Di Pietro esordice con una frase da brividi:
“La differenza tra il p.m. e l’avvocato difensore è che il primo cerca la verità mentre il secondo le scappatoie”
In questa utopistica dichiarazione c’è tutto il giustizialismo totalitario di Di Pietro. Il dna del suo credo che ha permesso che violasse in maniera così drammatica i diritti dei suoi inquisiti quando era la Star di “Mani Pulite”.
Non relativizzo sulle verità, posso concordare sul fatto che ne esista una. Pensare che esista aprioristicamente nel caso di un processo conferisce a pm e giudici un potere divino che mi spaventa assai è che permea l’ignoranza italiota.
In un processo si deve verificare se esistono le prove affinchè un cittadino possa essere condannato a pagare per la violazione della Legge. Pensare di dimostrare una verità è follia e porta a quei processi (Cogne ne è un bell’esempio) in cui ci si sforza di dimostrare una tesi precostituita e non di far valere diritti e doveri del cittadino.
In questa ricerca (quella delle prove e non della verità) il pm deve dimostrare l’accusa e il difensore smentirla o ancora meglio dimostrare la sua inconsistenza. La Verità lasciamo che la cerchino altri.
Spengo la TV meditando sul fatto che anche Di Pietro si è definito Liberale.
Buona Vita!


23 comments
Portando il ragionamento alle sue logiche conseguenze, Di Pietro ritiene che l’unica verità possibile sia la colpevolezza dell’imputato. E’ così?
Tempi bui…
Di Pietro ha detto una cazzata, forse viziata dal fatto che realmente in Italia esiste un certo malessere per la giustizia. Non entro in valutazioni troppo trancianti, ma volgio dire che molte troppe volte anche le verotà processuali sono mistificate.
Mi fa schifo la sua frase, ma cosa facciamo(a parte legittimarci a vicenda che è già un bel traguardo visti i tempi) per cercare di fare chiarezza in un settore che andrebbe ricostruito dalle fondamenta? Niente. Vedi CdL vedi Unione. Una pippa.
di pietro parla pro (ex-)domo sua. tipico attaggiamento scuoti-manette.
Su Cogne non ho opinioni definite, non avendo seguito l’iter. Pero’ non posso non notare (saro’ “complottista” ?) la stretta parentela della signora Franzoni con la moglie del prof. Prodi. Che mi fa sospettare che se di avere ucciso il figlio fosse stata accusata la proverbiale casalinga di Voghera, sarebbe dentro condannata in via definitiva sai da quando…
ciao - V.
ciao Robinik,
non l’avevo sentita questa uscita del ministro…ma mi sarebbe piaciuto vedere la faccia di Taormina ed ascoltarne la replica (se c’è stata).

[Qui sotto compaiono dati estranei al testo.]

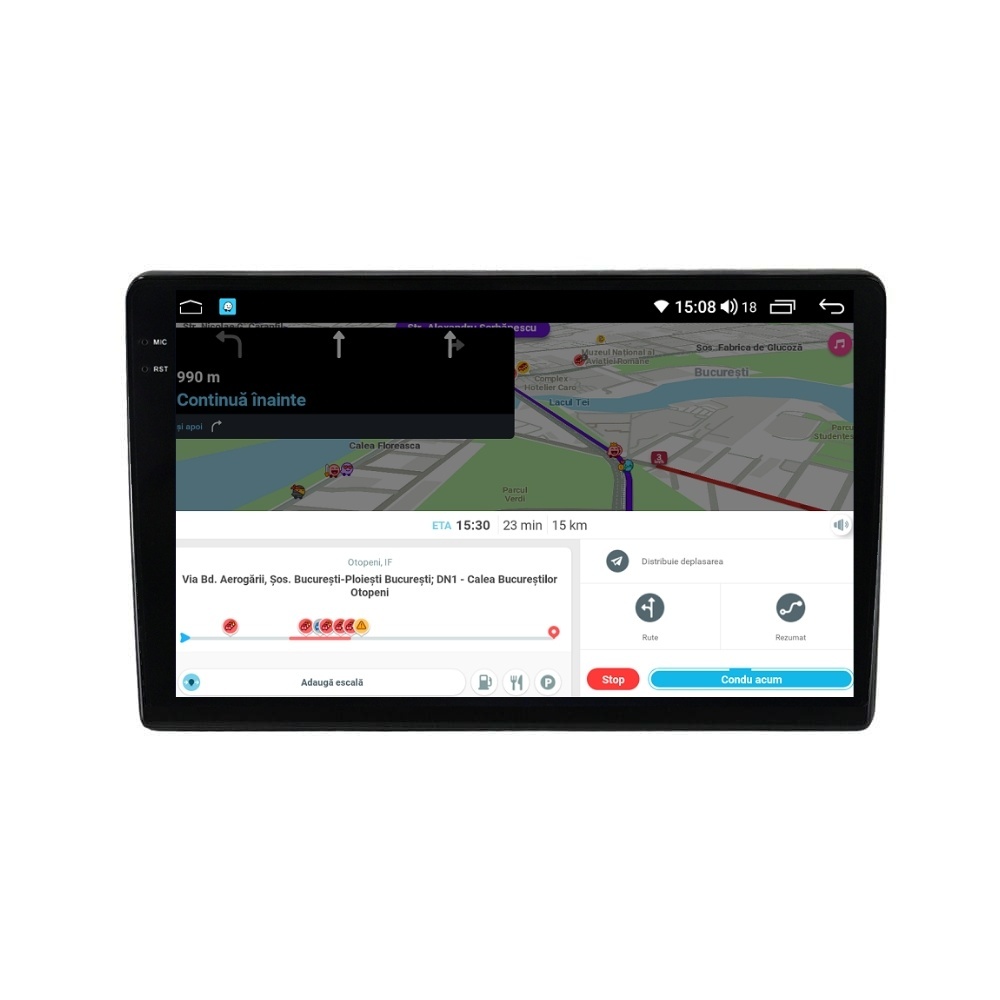 Sistem de operare: Car Android 14 cu meniu în peste 60 de limbi (inclusiv limba română) Procesor: Octa Core UIS7862S 2GHz Memorie internă: 4GB RAM + 32GB stocare (extensibilă prin 3 sloturi USB de maxim 64GB) Display: Touchscreen 9.5 inch QLED 2K 2000x1200, multi-touch, format 16:9, cu margini curbate și tehnologie 2.5D Chipset GPS: Samsung Sirf Star IV cu 48 de canale (antenă GPS inclusă) Fast Boot: Navigația pornește instant în momentul în care se pune contactul Conectivitate: Slot SIM 4G, Wi-Fi Dual Band 2.4Ghz si 5Ghz, Bluetooth, 3 x USB, RCA, AUX Plug & Play: Mufă dedicată, navigaţia preia comenzile de pe volanul maşinii şi nu descarcă bateria acesteia Cooler răcire activă: Ventilatorul integrat menține o temperatură optimă, asigurând astfel navigației o durată de viaţă mai mare Control prin gesturi: Glisezi cu 2 degete în sus sau în jos pentru a modifica volumul sau în lateral pentru schimbarea melodiei Audio: 4 x 45W + ieşire subwoofer, egalizator și procesor de sunet DSP Radio: FM (87.5 - 108.0 Mhz) şi AM (522 - 1620 Khz) cu funcție RDS Dual Zone: Poţi asculta muzică şi folosi aplicaţia preferată de navigare (iGO, Waze, Maps etc.) în acelaşi timp PLUG & PLAY Navigația se potrivește perfect în bord, iar mufa este identică cu cea a maşinii. Nu ai nevoie de altă ramă şi nu trebuie să modifici instalaţia electrică. Comenzile de pe volan rămân funcţionale, iar navigaţia se va opri când iei contactul şi nu va descărca bateria maşinii. În pachet sunt incluse toate cablurile necesare montării navigaţiei, precum şi cele auxiliare (RCA, USB etc.). UNIVERSUL ANDROID ÎN CONFORTUL MAŞINII TALE Aplicaţiile preferate vin acum pe ecranul navigaţiei tale. Poţi instala orice aplicaţie din magazinul Google Play: Waze, Google Maps, YouTube, Spotify, Google Chrome, Instagram, Facebook, WhatsApp etc. Fără a mai avea nevoie de telefon, te poţi strecura prin traficul aglomerat folosind Waze sau Google Maps şi în acelaşi timp poţi asculta muzica preferată sau viziona filmele și videoclipurile favorite pe YouTube, Spotify, Apple Music etc. GPS DUAL ZONE Navigaţia dispune de un modul şi o antenă GPS de calitate superioară, care te localizează cu precizie şi te ajută să ajungi la destinaţie în cel mai scurt timp, fără a avea nevoie de telefon. Dual zone: Poţi asculta muzică în timp ce foloseşti aplicaţia preferată de navigare, vocea aplicaţiei suprapunându-se, atunci când este cazul, peste muzică. COMPATIBILĂ CU ORICE TELEFON Deşi navigaţia dispune de propriul sistem de operare Android care funcţionează independent de telefon, la aceasta se poate conecta orice telefon cu Android sau iPhone prin Bluetooth sau Wi-Fi. Poţi folosi cu uşurinţă aplicațiile instalate pe telefon prin intermediul Android Auto sau Apple CarPlay şi primeşti toate notificările de pe telefon pe ecranul navigaţiei. SLOT SIM 4G, BLUETOOTH, WI-FI ŞI MIRRORLINK INTEGRATE Spune adio amenzilor pentru folosirea telefonului la volan. Poţi descărca agenda telefonică pe navigaţie şi poţi iniţia şi prelua apeluri de pe ecranul navigaţiei, precum şi asculta muzica preferată de pe telefon. Navigaţia se conectează rapid la orice reţea wireless, inclusiv la hotspot-ul telefonului, precum și la internet 4G, introducând o cartelă cu internet în slotul SIM. Cu ajutorul tehnologiei MirrorLink poţi beneficia de funcțiile Android Auto sau Apple CarPlay. MULTIPLE INTERFEȚE DISPONIBILE Interfața navigației se poate schimba cu ușurință, aceasta având 4 teme preinstalate, astfel încat să se plieze pe stilul și gustul tau. De asemenea, o poți personaliza foarte ușor cu alte teme disponibile în aplicații de tip Car Launcher. Nu trebuie să ştii engleză pentru a putea folosi navigaţia. Poţi afişa meniul în peste 60 de limbi, inclusiv română, engleză, spaniolă sau franceză. SUPORT DVR, CAMERĂ MARȘARIER ȘI SENZORI PARCARE AFTERMARKET Niciodată nu a fost atât de simplu să parchezi. Când schimbătorul ajunge în marșarier, pe ecranul navigației se va afișa automat imaginea video din spatele mașinii, împreună cu liniile de ghidaj. Senzorii de parcare, fiind de asemenea afişaţi pe navigaţie, te vor avertiza atât vizual, cât şi acustic. Înregistrarea video realizată de camera de bord DVR te poate scăpa de amenzi sau alte situaţii neplăcute, fiind martorul tău de încredere în cazul producerii unui eveniment nedorit în trafic. SUPORT INTERFAȚĂ OBDII Un adaptor Bluetooth OBDII este de un real ajutor atunci când o eroare apare în bordul maşinii. Cu ajutorul lui poţi citi, interpreta sau șterge eventualele coduri de eroare şi îţi poţi da seama cu uşurinţă ce nu este în regulă cu maşina ta. În plus, poți afișa pe ecranul navigației informații în timp real despre starea mașinii cu ajutorul unor aplicații dedicate precum Torque sau Car Scanner. NAVIGAȚIE CU ANDROID - SISTEMUL COMPLET DE INFOTAINMENT DIN MAȘINA TA

certo, se questo fosse ciò che pensa anche solo la metà dei PM italiani andrebbero riviste molte delle garanzie a difesa dell’imputato, evidentemente troppo blande; o, ancora meglio, trovare un nuovo sistema per far abbassare la cresta a questi sedicenti onnipotenti detentori della Giustizia.
di sicuro, per chi studia giurisprudenza, come me, quelle parole sono un pugno in faccia e la dimostrazione di cosa fu tangentopoli.
La logica conseguenza di questa linea di pensiero è che l’unica verità possibile rimane la colpevolezza dell’imputato (tranne quando il PM lascia cadere le accuse). Alla faccia della presunzione d’innocenza.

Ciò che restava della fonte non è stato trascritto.